Exercise: Reproduce the records that follow without alteration, apart from removing the pictures.

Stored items
^^^^^^^^
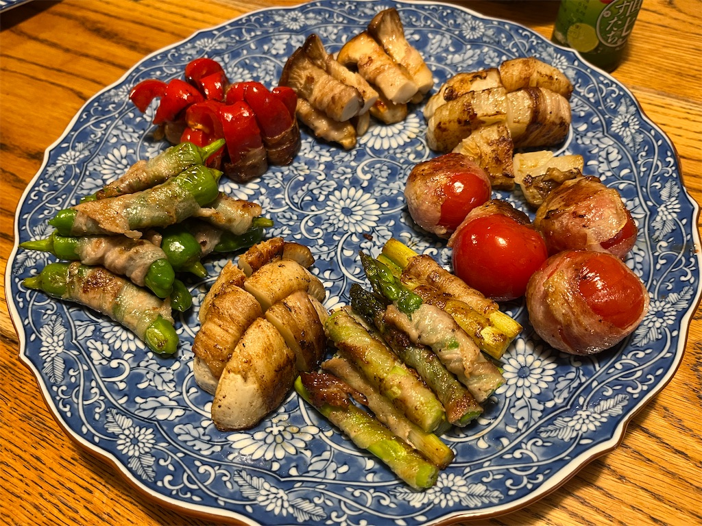 薄ーいしゃぶしゃぶ用のばら肉があると、野菜室にある野菜を片っ端から巻くのは、今も相変わらずです。
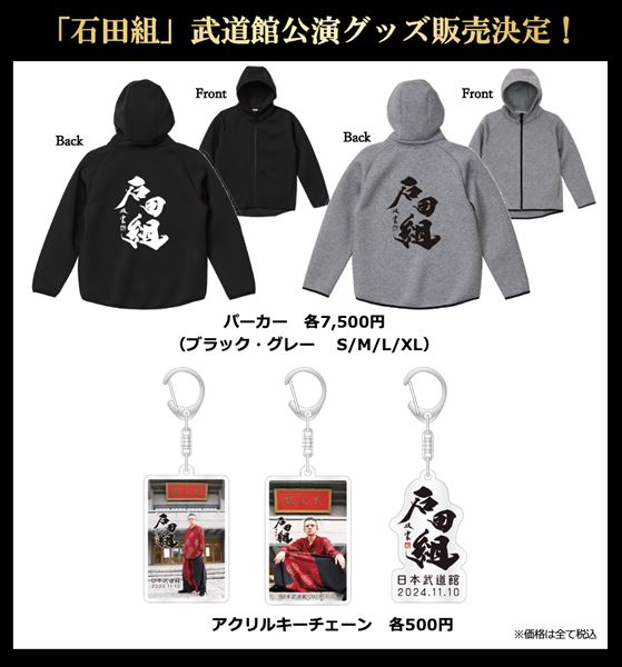 当日は、これまでの10周年記念ツアーグッズに加え、「石田組」のロゴが背面にデザインされたパーカーと、アクリルキーチェーンの2アイテムが販売される。チケットは通常席が完売となっており、現在見切れ席が追加販売中だ。
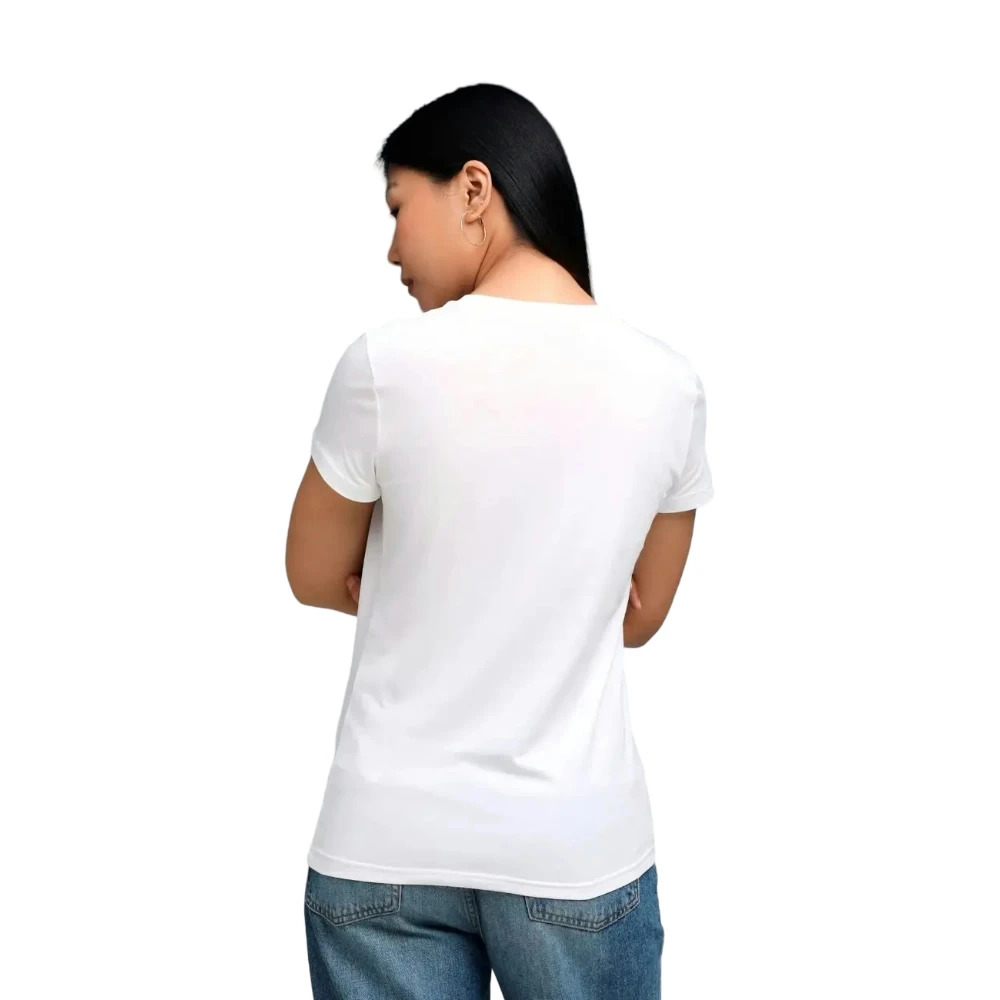 Белый цвет придаёт изделию свежесть и лёгкость, а также позволяет легко сочетать его с любыми элементами гардероба. Футболка гармонично комбинируется с джинсами, шортами, юбками и спортивными брюками, создавая стильные образы в стиле casual, sport casual и athleisure.
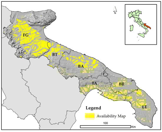 Considering the entire territory of the Apulia region, a GIS-based assessment of “land availability” was carried out by applying the procedures described in the following sub-sections.
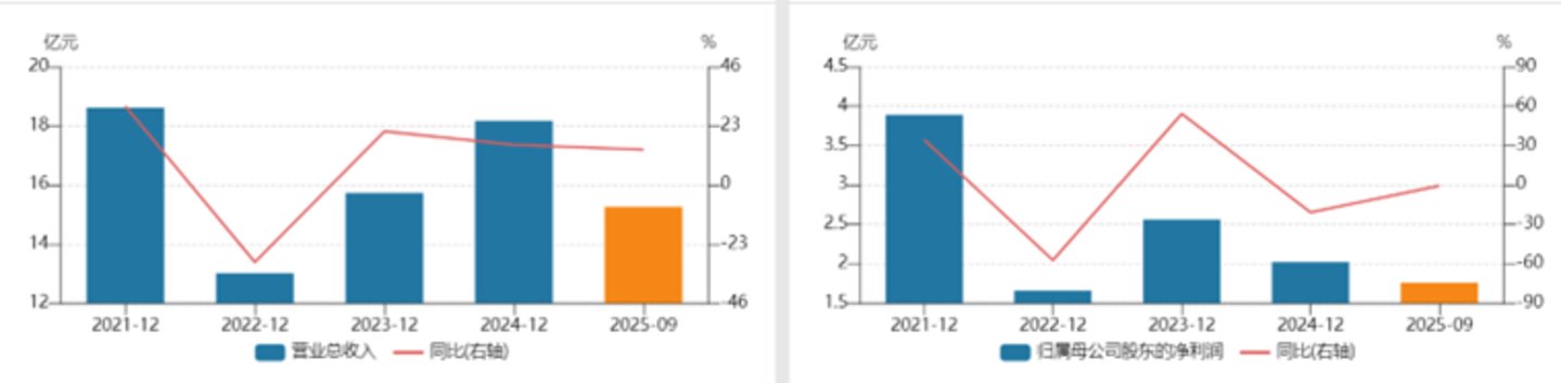 归母净利润2025年Q3为1.76亿元,同比微降0.70%,但一季度、二季度净利润则分别同比下降了36.73%、18.78%。
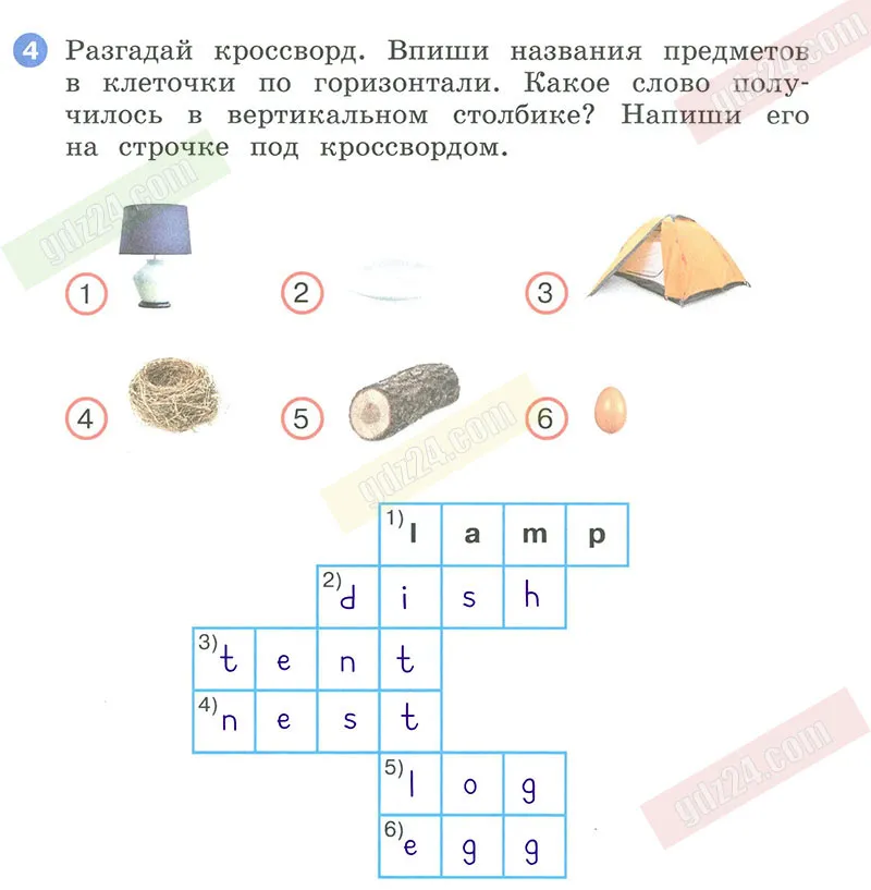 Разгадай кроссворд. Впиши названия предметов в клеточки по горизонтали. Какое слово получилось в вертикальном столбике? Напиши его на строчке под кроссвордом.
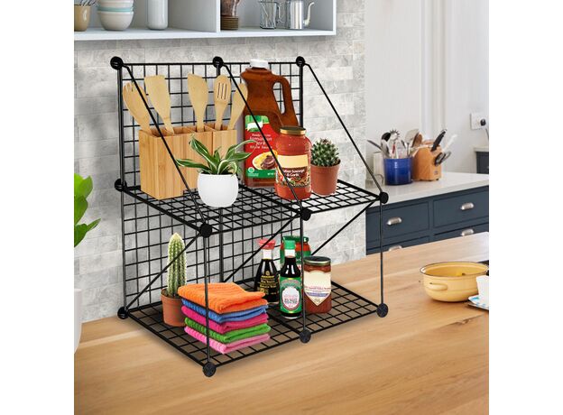 - 1X SOGA Black Portable 4-Cube 2 Tier Storage Organiser
^^^^^^^^
Solution to this exercise:
 薄ーいしゃぶしゃぶ用のばら肉があると、野菜室にある野菜を片っ端から巻くのは、今も相変わらずです。
 当日は、これまでの10周年記念ツアーグッズに加え、「石田組」のロゴが背面にデザインされたパーカーと、アクリルキーチェーンの2アイテムが販売される。チケットは通常席が完売となっており、現在見切れ席が追加販売中だ。
 Белый цвет придаёт изделию свежесть и лёгкость, а также позволяет легко сочетать его с любыми элементами гардероба. Футболка гармонично комбинируется с джинсами, шортами, юбками и спортивными брюками, создавая стильные образы в стиле casual, sport casual и athleisure.
 Considering the entire territory of the Apulia region, a GIS-based assessment of “land availability” was carried out by applying the procedures described in the following sub-sections.
 归母净利润2025年Q3为1.76亿元,同比微降0.70%,但一季度、二季度净利润则分别同比下降了36.73%、18.78%。
 Разгадай кроссворд. Впиши названия предметов в клеточки по горизонтали. Какое слово получилось в вертикальном столбике? Напиши его на строчке под кроссвордом.
 - 1X SOGA Black Portable 4-Cube 2 Tier Storage Organiser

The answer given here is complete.